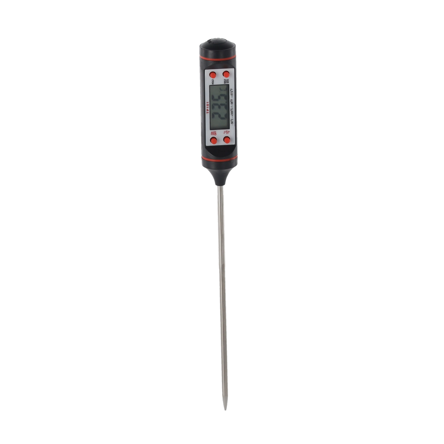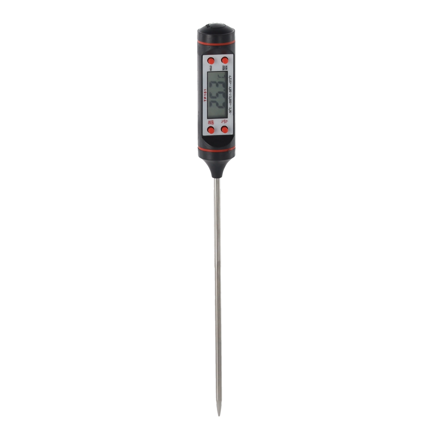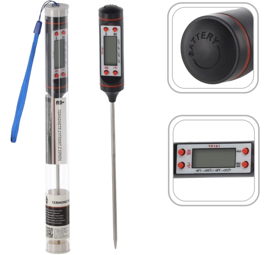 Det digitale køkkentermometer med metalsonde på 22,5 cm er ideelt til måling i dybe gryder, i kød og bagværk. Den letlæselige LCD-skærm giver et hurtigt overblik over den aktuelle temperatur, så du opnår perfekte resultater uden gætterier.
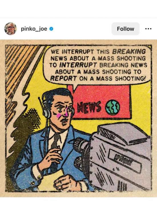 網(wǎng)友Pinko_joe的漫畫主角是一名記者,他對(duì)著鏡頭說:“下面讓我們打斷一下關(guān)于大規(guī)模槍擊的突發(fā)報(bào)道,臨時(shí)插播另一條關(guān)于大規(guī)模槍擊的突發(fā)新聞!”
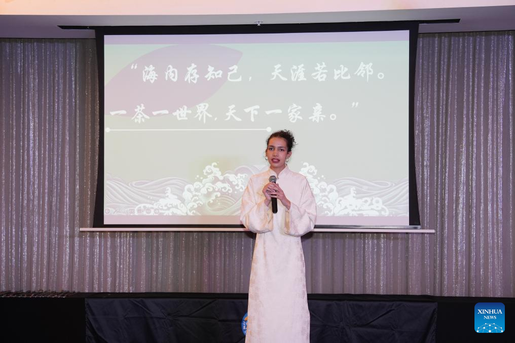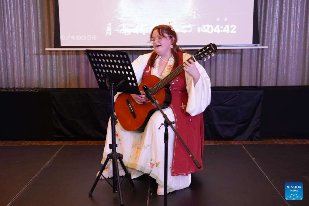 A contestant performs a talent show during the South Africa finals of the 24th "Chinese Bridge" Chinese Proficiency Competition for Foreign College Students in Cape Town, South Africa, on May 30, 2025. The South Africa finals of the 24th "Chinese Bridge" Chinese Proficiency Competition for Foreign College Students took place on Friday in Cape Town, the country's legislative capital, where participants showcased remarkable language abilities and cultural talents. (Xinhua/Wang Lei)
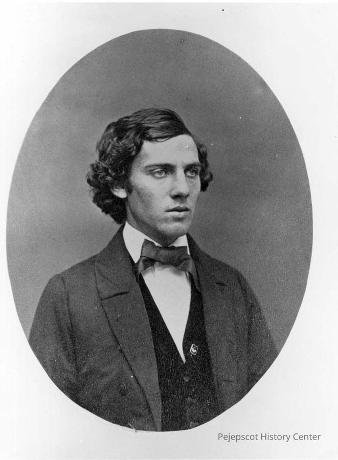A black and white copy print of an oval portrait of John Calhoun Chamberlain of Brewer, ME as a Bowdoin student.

==

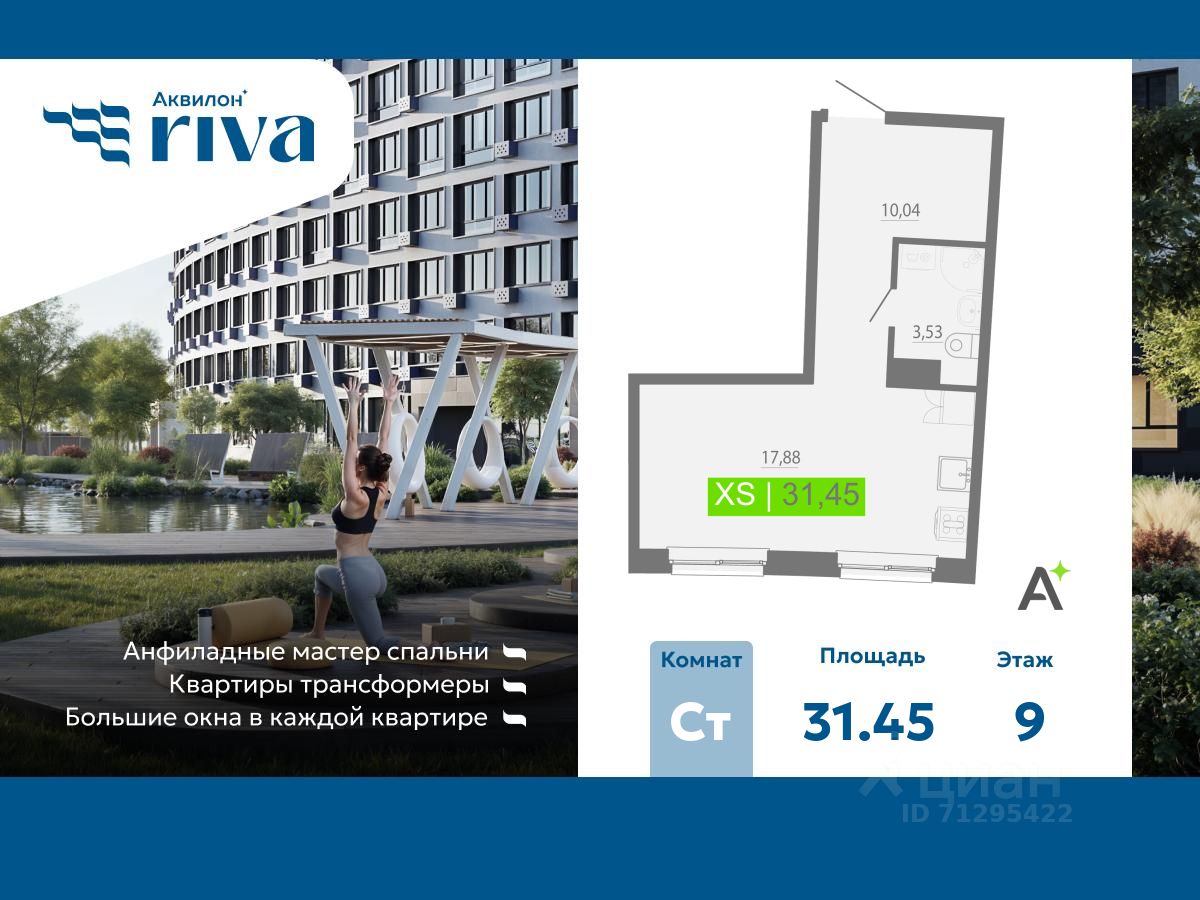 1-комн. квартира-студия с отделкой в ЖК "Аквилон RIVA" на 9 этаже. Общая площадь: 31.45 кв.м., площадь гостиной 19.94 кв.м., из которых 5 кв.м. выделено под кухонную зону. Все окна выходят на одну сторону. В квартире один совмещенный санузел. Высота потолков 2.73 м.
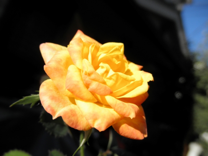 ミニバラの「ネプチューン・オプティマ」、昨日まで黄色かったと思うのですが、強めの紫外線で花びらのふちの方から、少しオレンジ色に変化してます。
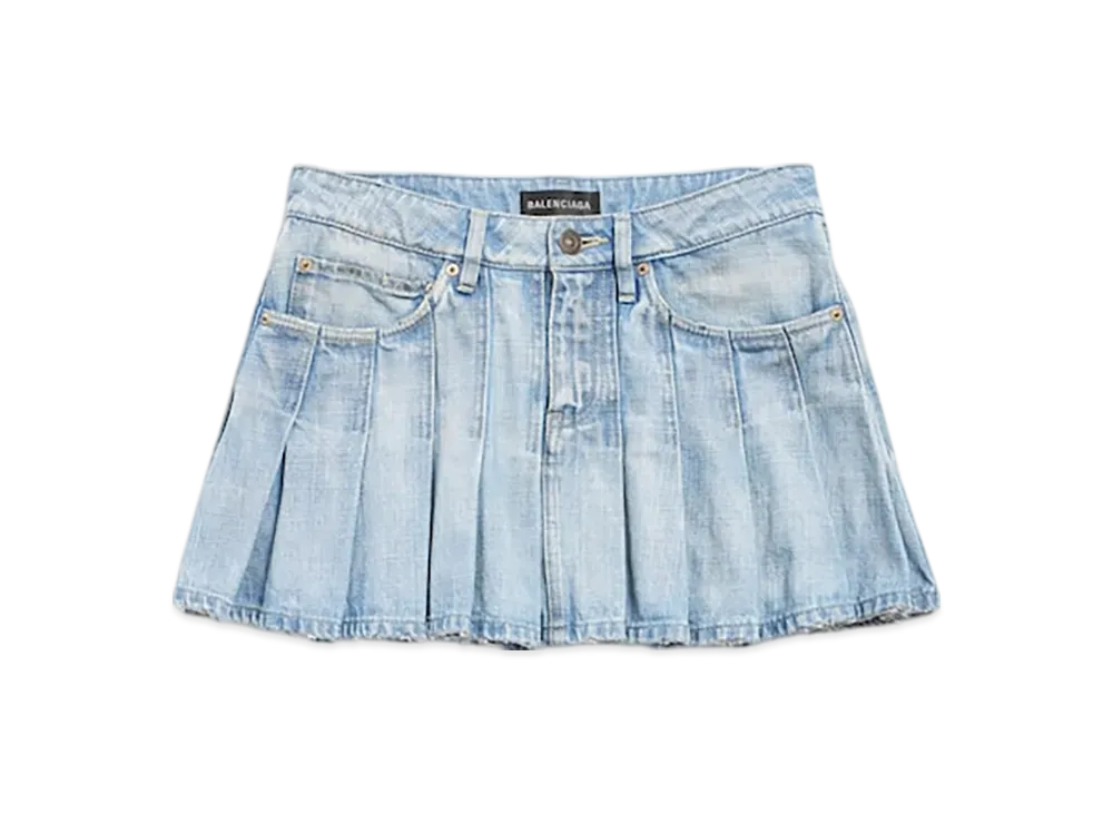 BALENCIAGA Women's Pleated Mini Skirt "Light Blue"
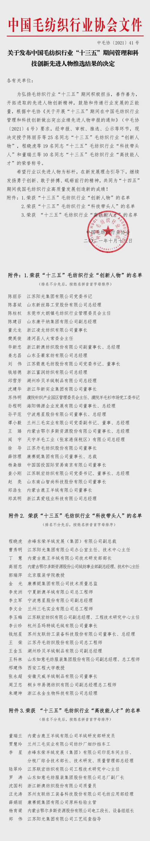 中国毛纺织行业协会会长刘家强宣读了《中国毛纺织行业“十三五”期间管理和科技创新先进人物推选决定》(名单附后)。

...

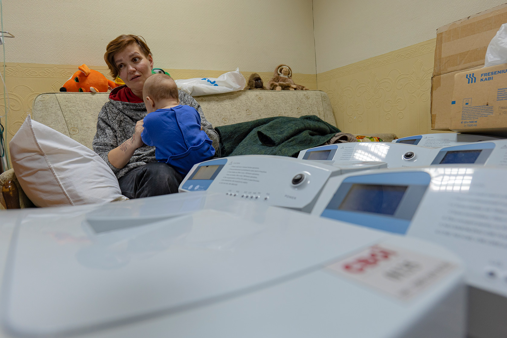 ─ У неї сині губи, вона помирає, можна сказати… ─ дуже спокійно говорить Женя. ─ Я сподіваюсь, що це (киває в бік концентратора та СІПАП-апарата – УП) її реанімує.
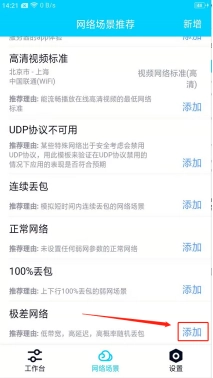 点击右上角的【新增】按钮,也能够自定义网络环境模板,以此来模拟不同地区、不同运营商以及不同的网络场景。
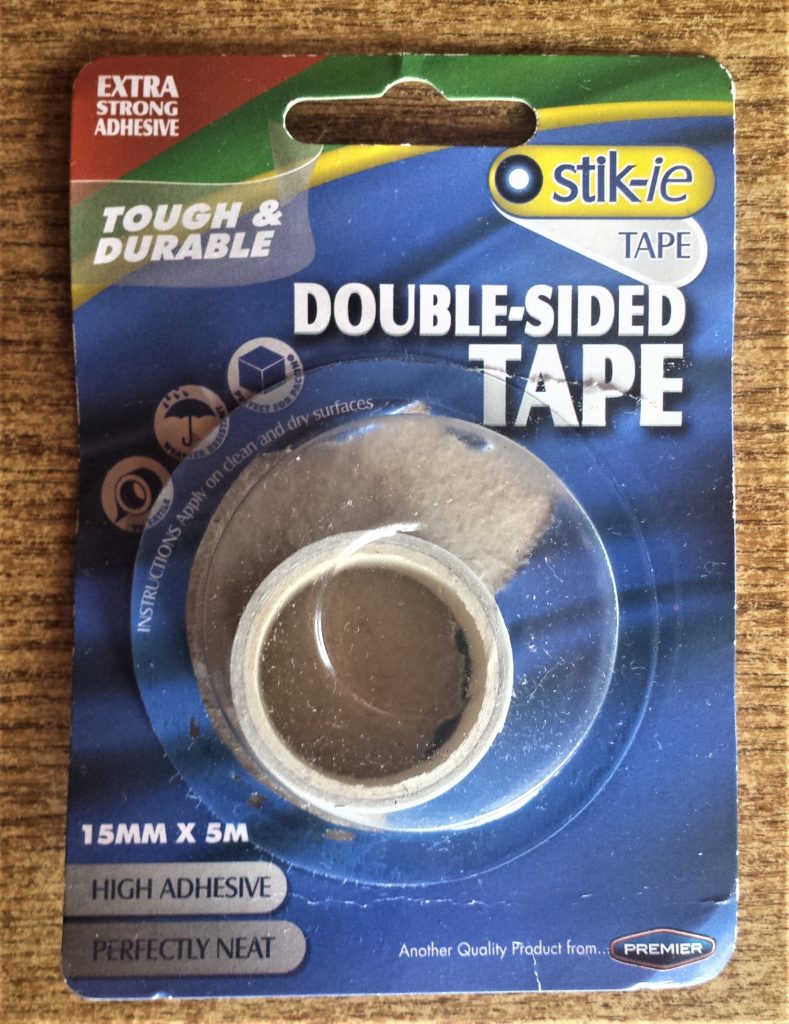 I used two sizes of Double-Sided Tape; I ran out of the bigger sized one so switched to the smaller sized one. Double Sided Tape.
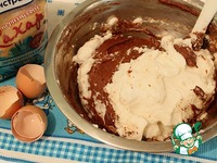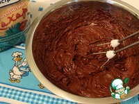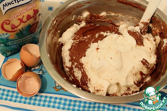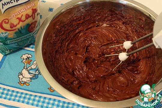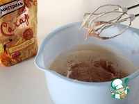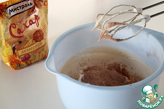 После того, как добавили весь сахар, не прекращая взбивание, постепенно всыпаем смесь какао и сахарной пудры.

EXERCISE
Everything above from the line containing "УП) її реанімує." down to the line containing "После того, как" is to be duplicated exactly, both lines included, and the pictures are to be omitted.

TASK RESULT
 ─ У неї сині губи, вона помирає, можна сказати… ─ дуже спокійно говорить Женя. ─ Я сподіваюсь, що це (киває в бік концентратора та СІПАП-апарата – УП) її реанімує.
 点击右上角的【新增】按钮,也能够自定义网络环境模板,以此来模拟不同地区、不同运营商以及不同的网络场景。
 I used two sizes of Double-Sided Tape; I ran out of the bigger sized one so switched to the smaller sized one. Double Sided Tape.
 После того, как добавили весь сахар, не прекращая взбивание, постепенно всыпаем смесь какао и сахарной пудры.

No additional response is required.